Readers will note from my biography below that I am no fan of the T20 game. Yet it is here to stay and yesterday I resolved to make my peace with it. It was a lovely warm evening, 27,000 packed Lords, the highest attendance for a T20 match, to see Middlesex play Surrey. My problem with this format is that I dislike it for the very reason others clearly enjoy it, namely you get a result in 3 hours. I am reminded of a film in which Miles Mallesson tries to explain test cricket to a incredulous American mentioning that it lasts 5 days with often no result. The American observed it don’t sound very exciting. “Exciting” replies Malleson “we don’t want that”. In the  Hithccock thriller The Lady Vanishes the hilarious buffoons Charters and Childecott (Naunton Wayne and Basil Redford) are less concerned by the disappearance of the woman on the train and more to get back for the test, which is rained off. Cricket is yet another quirky British institution.

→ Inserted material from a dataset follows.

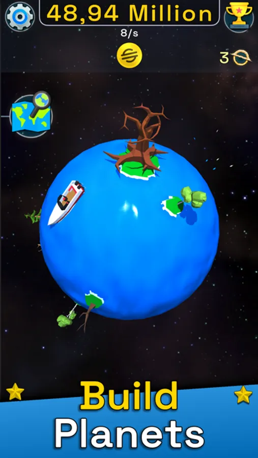 By simply tapping on the planet, you'll collect valuable coins and, bit by bit, increase the attraction to exciting objects flying around in space. If you're really clever, you'll use multiple fingers to collect coins even more effectively, to get the resources you need to build the planet as quickly as possible. However, Planet Evolution: Idle Clicker is not limited to just tapping, but also offers many exciting upgrades, special boosters and a unique prestige system to speed up your progress immeasurably and help you explore all areas of the universe.
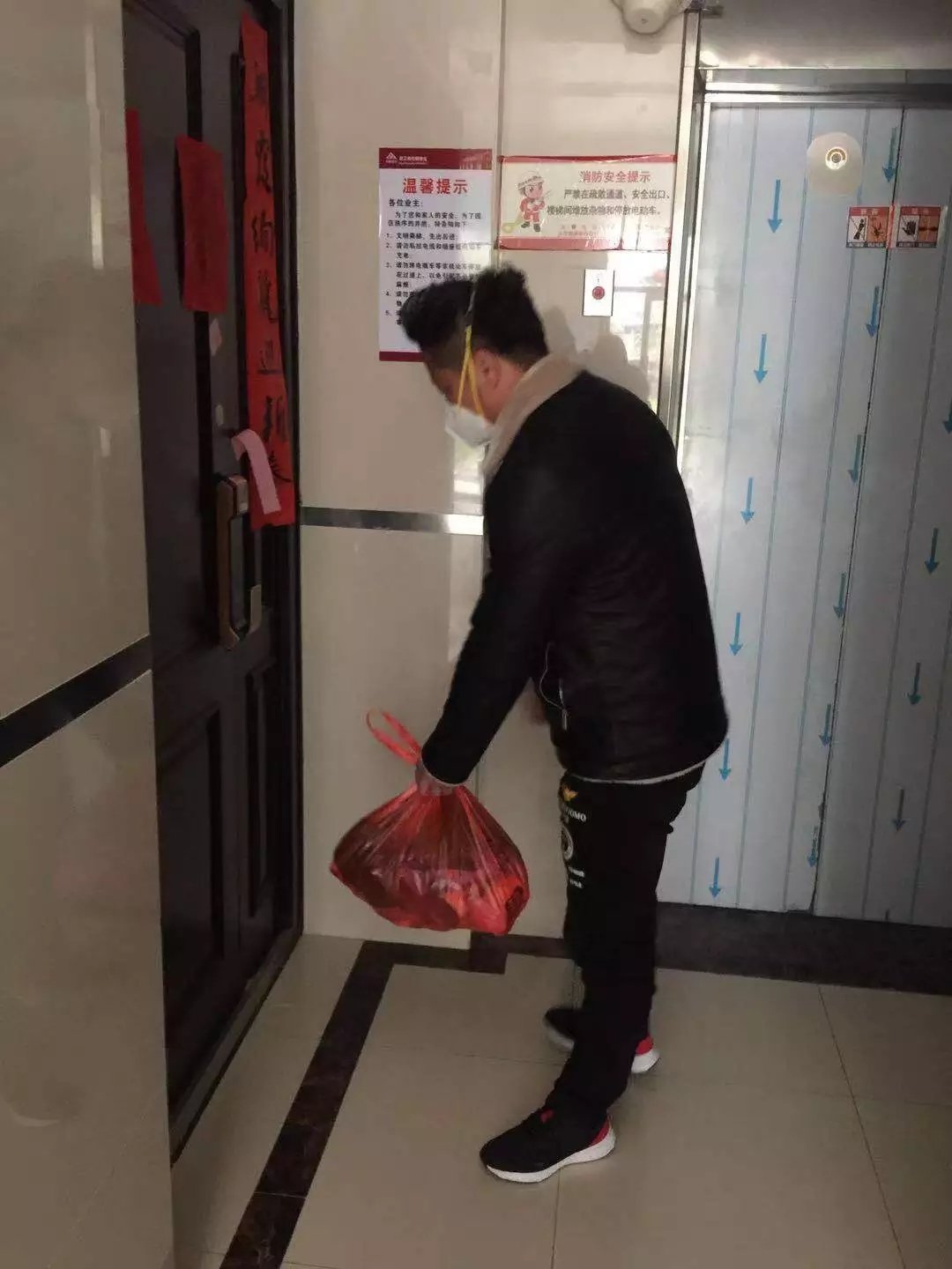“您好,这是您要的蔬菜和水果,放在门口了。”社区工作人员章中山上门为居家隔离居民送上他们点单的蔬菜和水果,临走时还带走了他们的生活垃圾。“居家隔离是为了隔离病毒,但不能隔离爱与关怀,居民不能出门,我们就送上门!”章中山说。

For me T20 is like someone who enjoys the nuances, cadences and subtlety of classical music being forced to sit through a heavy metal concert. It so so noisy with music accompanying every boundary and wicket. In front of me were 4 male friends drinking copiously and not following the match with an equally disinterested 2 young daughters. Behind me two younger couples spoke to the latest Pokemen games, looked at photos, took selfies. I hardly saw anyone actually following the game. This was well contested with Middlesex scoring 200-5 after Surrey batted first and Roy and Finch built what looked like a winning platform. George Bailey took a wonderful catch. Last season Bailey was at Sussex for a stint. Ivan Conway was complaining that time was when guys like Imran Khan, Murray Goodwin and Garth Le Roux empathised with their chosen county. At Middlesex we had Desmond Haynes and Wayne Daniel for many years. Nowadays it’s a like a horse racing circuit where you go off for a month to whatever league pays best.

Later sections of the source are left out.